When major corporations have done something to anger Chinese authorities in recent years, the playbook has called for one thing: an apology.
Marriott issued one. So did Delta. Mercedes-Benz, too.
The NBA, embroiled in a rift caused by a tweet expressing support for pro-democracy demonstrators in Hong Kong, has avoided going that route — for now. But with billions at stake from things like merchandise sales and media rights, some experts are wondering if anything other than an apology from NBA Commissioner Adam Silver will mend this fence, especially with the Chinese indicating that is what they want.
“I think that Commissioner Silver might have to do what everyone in our country doesn’t want him to have to do,” said Windy Dees, a sports marketing expert at the University of Miami. “He may have to say, ‘I understand that your government, your political system, your culture, your ideologies are different than ours and we shouldn’t push our beliefs on you.'”

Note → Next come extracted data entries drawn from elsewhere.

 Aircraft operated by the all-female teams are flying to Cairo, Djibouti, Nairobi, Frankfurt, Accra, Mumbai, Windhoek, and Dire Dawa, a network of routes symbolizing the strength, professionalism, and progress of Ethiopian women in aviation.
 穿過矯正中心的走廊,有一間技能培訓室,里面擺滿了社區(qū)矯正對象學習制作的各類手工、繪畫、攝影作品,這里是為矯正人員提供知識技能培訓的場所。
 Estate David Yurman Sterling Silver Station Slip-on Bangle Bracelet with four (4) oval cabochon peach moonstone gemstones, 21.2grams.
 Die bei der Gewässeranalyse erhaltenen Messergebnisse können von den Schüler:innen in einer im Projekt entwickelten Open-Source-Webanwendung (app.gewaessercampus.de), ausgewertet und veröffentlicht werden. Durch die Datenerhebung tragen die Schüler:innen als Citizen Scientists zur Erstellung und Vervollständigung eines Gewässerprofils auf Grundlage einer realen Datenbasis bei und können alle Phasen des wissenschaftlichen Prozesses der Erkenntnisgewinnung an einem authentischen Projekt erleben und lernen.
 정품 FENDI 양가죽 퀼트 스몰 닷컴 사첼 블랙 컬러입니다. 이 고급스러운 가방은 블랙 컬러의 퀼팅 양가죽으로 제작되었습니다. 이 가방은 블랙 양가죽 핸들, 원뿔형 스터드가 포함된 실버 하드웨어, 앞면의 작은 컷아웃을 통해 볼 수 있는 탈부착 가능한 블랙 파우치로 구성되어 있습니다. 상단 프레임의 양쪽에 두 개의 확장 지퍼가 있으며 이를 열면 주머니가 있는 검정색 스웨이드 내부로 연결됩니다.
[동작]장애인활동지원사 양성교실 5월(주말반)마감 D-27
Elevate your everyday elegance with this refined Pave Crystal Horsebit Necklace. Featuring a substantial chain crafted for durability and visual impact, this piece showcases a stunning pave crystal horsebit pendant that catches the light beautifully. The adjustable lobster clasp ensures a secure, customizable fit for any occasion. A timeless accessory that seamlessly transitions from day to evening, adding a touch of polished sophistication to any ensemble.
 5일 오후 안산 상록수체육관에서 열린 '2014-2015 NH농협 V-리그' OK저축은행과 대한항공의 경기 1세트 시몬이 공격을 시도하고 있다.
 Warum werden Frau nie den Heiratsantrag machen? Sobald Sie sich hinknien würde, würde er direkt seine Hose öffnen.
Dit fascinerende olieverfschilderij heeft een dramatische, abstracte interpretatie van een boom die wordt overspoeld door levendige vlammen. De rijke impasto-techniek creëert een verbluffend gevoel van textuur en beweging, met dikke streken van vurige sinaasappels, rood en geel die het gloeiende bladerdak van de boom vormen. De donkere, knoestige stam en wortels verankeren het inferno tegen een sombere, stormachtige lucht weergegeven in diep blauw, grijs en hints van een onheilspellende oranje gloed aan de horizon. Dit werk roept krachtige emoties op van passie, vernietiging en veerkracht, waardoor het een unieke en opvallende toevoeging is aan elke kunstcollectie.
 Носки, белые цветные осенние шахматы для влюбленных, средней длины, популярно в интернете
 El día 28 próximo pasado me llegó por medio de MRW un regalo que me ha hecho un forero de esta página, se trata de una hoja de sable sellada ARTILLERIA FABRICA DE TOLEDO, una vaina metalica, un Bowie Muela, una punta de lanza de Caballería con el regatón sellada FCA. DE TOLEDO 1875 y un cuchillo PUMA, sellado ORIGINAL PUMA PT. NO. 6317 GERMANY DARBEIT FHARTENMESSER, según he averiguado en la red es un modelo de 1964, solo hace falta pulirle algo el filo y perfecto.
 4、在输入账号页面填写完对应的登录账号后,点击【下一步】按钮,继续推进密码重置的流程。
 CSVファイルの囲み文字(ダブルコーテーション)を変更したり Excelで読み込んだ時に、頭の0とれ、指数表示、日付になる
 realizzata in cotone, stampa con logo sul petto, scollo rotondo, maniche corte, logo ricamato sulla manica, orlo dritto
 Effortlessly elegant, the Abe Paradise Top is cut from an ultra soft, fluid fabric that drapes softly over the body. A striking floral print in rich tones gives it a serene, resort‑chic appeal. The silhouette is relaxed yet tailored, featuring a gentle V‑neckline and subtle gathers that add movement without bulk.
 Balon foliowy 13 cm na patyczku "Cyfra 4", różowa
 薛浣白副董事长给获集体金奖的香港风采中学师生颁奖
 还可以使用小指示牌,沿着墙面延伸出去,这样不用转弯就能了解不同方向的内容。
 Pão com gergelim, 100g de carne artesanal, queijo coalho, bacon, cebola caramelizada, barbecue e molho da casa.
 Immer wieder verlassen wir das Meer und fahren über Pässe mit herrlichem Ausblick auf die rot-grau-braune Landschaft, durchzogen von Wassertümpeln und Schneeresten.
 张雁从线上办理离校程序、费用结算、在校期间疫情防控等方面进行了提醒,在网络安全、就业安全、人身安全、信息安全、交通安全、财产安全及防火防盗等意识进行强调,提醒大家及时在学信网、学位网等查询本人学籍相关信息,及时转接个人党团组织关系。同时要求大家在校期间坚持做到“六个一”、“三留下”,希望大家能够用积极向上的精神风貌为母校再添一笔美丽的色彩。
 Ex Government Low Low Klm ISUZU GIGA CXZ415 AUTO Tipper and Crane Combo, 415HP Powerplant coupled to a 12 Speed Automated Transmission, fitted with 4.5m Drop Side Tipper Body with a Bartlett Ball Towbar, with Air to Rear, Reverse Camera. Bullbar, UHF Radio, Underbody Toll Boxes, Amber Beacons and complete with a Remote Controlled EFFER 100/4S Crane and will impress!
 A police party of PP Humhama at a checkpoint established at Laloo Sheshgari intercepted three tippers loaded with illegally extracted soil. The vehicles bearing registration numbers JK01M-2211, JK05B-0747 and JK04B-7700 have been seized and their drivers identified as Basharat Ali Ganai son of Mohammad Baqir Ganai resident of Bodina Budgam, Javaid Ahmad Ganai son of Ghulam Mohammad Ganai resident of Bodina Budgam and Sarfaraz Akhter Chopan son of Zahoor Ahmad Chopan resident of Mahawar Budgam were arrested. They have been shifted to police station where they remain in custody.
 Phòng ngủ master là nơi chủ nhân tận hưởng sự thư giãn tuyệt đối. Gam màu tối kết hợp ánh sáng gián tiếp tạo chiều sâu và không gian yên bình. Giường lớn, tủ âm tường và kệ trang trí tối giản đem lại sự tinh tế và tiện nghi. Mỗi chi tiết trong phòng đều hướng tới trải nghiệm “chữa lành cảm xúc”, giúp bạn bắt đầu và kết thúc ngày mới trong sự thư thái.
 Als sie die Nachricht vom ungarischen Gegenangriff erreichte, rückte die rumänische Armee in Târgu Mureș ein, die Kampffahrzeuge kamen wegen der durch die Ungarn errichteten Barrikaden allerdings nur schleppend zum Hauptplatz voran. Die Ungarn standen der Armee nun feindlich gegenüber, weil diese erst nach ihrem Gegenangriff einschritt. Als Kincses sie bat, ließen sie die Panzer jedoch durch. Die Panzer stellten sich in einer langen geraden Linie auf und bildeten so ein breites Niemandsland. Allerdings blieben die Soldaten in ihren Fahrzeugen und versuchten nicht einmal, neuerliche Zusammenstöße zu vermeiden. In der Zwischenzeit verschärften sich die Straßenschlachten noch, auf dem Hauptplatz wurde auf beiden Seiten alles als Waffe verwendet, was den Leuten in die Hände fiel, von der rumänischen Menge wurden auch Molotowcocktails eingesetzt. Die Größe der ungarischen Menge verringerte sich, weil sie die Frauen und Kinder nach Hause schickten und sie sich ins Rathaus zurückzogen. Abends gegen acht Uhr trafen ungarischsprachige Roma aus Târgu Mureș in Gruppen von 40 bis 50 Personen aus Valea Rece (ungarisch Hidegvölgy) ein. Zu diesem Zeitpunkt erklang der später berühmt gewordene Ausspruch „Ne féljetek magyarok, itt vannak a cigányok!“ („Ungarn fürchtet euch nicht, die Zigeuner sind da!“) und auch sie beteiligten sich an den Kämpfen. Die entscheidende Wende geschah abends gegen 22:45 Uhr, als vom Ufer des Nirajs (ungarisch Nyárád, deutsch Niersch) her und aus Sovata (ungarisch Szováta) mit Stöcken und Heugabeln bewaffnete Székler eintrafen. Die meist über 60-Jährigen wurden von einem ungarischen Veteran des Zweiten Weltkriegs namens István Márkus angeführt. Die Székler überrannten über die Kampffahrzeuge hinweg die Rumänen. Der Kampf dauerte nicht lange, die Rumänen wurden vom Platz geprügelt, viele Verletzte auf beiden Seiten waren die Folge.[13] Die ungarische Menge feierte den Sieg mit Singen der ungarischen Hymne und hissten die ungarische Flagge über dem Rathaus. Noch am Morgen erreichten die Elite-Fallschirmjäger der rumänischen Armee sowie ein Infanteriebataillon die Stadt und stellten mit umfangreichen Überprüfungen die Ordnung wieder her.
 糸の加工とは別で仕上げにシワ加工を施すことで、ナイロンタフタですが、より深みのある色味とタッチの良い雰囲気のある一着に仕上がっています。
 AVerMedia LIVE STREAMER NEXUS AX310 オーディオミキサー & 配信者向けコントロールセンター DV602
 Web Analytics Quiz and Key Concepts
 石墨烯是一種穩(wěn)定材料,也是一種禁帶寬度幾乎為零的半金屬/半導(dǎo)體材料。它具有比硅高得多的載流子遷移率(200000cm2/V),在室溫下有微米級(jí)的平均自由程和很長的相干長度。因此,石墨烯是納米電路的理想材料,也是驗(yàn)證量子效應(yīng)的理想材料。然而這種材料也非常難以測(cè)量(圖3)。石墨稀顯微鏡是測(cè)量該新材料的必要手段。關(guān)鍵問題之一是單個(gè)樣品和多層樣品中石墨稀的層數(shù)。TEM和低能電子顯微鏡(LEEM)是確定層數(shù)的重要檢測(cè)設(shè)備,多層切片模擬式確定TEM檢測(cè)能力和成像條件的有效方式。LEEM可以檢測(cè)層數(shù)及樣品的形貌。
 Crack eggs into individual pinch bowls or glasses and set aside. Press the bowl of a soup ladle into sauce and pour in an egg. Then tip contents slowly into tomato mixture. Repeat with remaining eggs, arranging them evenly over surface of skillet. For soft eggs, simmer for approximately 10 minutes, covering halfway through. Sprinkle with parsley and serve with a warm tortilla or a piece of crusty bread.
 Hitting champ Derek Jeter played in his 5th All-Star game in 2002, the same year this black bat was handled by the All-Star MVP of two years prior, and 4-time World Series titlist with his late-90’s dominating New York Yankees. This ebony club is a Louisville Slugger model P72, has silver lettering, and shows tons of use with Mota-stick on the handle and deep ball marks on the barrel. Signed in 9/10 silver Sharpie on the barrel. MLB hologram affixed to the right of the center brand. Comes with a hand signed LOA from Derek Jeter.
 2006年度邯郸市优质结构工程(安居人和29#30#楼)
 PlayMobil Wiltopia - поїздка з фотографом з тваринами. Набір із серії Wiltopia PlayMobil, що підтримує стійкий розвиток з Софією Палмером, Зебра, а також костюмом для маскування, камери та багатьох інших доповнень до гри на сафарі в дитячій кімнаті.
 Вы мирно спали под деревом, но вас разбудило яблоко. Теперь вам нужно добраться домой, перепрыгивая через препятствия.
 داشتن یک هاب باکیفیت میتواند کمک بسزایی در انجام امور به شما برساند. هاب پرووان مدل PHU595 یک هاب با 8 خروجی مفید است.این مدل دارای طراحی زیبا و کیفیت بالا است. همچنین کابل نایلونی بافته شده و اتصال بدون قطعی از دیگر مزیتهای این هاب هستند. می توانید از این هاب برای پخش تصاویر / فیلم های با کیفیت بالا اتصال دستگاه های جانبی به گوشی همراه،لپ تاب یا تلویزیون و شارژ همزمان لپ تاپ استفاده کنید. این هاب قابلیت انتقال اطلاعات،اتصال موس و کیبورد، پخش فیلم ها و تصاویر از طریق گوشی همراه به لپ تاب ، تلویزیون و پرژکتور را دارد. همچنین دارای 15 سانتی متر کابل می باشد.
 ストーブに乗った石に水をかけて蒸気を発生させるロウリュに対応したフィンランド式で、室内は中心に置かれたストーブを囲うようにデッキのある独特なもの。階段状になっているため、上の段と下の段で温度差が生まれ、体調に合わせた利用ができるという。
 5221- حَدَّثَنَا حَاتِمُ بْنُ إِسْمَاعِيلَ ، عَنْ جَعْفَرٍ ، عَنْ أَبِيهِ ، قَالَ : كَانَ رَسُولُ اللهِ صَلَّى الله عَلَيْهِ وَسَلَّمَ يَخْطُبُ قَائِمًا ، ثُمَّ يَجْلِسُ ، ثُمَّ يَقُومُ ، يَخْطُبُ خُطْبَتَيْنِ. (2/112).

“And that’s exactly what Americans and NBA fans don’t want to see their commissioner say,” Dees added.
Silver has chosen his words carefully to this point, defending the right of Houston Rockets general manager Daryl Morey — who sent the tweet, now deleted yet still causing major problems — to freedom of expression.
Silver also said the league is apologetic over the disharmony caused by Morey’s tweet but stopped well short of apologizing for the tweet itself.
Morey attempted to clarify his position in subsequent tweets, which some, including Brooklyn Nets owner Joe Tsai, the Taiwanese-Canadian co-founder of Chinese e-commerce giant Alibaba, considered an apology.
But the only true apology so far came from Rockets star James Harden, the 2017-18 NBA MVP who tried to fix things by insisting, “We love China.”
Clearly, that wasn’t enough.
“The hurt that this incident has caused will take a long time to repair,” Tsai said in an open letter to fans in which he tried to shed light on the Chinese perspective when it comes to Hong Kong.
The question is, how long?
Dean Crutchfield, CEO of the crisis management firm Crutchfield + Partners, said Morey’s tweet, well-intentioned as it was, could cost the NBA billions. He wondered if a parting of the ways between Morey and the Rockets would appease China.
“You need to fire him and you need to fire him fast,” Crutchfield said. “China needs a statement, and for him to still be in his job is remarkable. I think Silver did a remarkable job with his statement, but this is a senior official, well aware of the importance of the Chinese market. One man, one tweet.”
LeBron James and the Los Angeles Lakers are scheduled to play Tsai’s Nets on Thursday in Shanghai, then again Saturday in Shenzhen. For now, those games are expected to be played.
But China state broadcaster CCTV is not going to air the games as previously planned and said it is examining other aspects of its relationship with the NBA.
Tencent, the Chinese conglomerate that has a $1.5 billion streaming deal spanning the next five seasons with the league, has said it will not show Rockets games and pulled some planned preseason coverage from NBA arenas. And Chinese companies like apparel giant Li-Ning and Vivo, a smartphone maker that was going to be a sponsor of the Lakers-Nets games, have suspended their business dealings with the NBA.
“If you have CCTV and Tencent saying, ‘We’re not airing the NBA,’ that is a huge red flag,” Dees said. “It’s almost like a Chinese lockout. If China does not broadcast games, this is a major financial problem for the NBA. And I’m thinking this is going to go on for a while. This is not getting resolved right away. The one thing that you don’t mess with is Chinese government, and unfortunately not everyone in the U.S. understands the global power that China is.”
In the meantime, Silver is “upholding the values of the two countries where the NBA is based,” the U.S. and Canada, said Heather Dichter, a professor of sport management and sport history at De Montfort University in Leicester, England.
“If he had gone the other way, that to me becomes more damaging for the league financially,” she said. “China puts in money, but they’re not the core of your business. The teams can survive without their money. They can’t survive if they have no ticketholders.”
The NBA’s ties to China go back at least 30 years, from when then-Commissioner David Stern opened a fledgling office in Hong Kong with a bare-bones staff and struck a deal to show games to Chinese viewers on a tape-delay basis.
The game’s popularity in China has soared since. Many top NBA players visit every summer to promote footwear and apparel, usually greeted by huge crowds of adoring fans. The typically cited numbers are that 300 million Chinese play basketball and 500 million watch the NBA.
Now those carefully cultivated and highly lucrative ties have been thrown into jeopardy.
“As to what the NBA should say and do next, I believe it knows better than anyone else,” Chinese Foreign Ministry spokesman Geng Shuang said.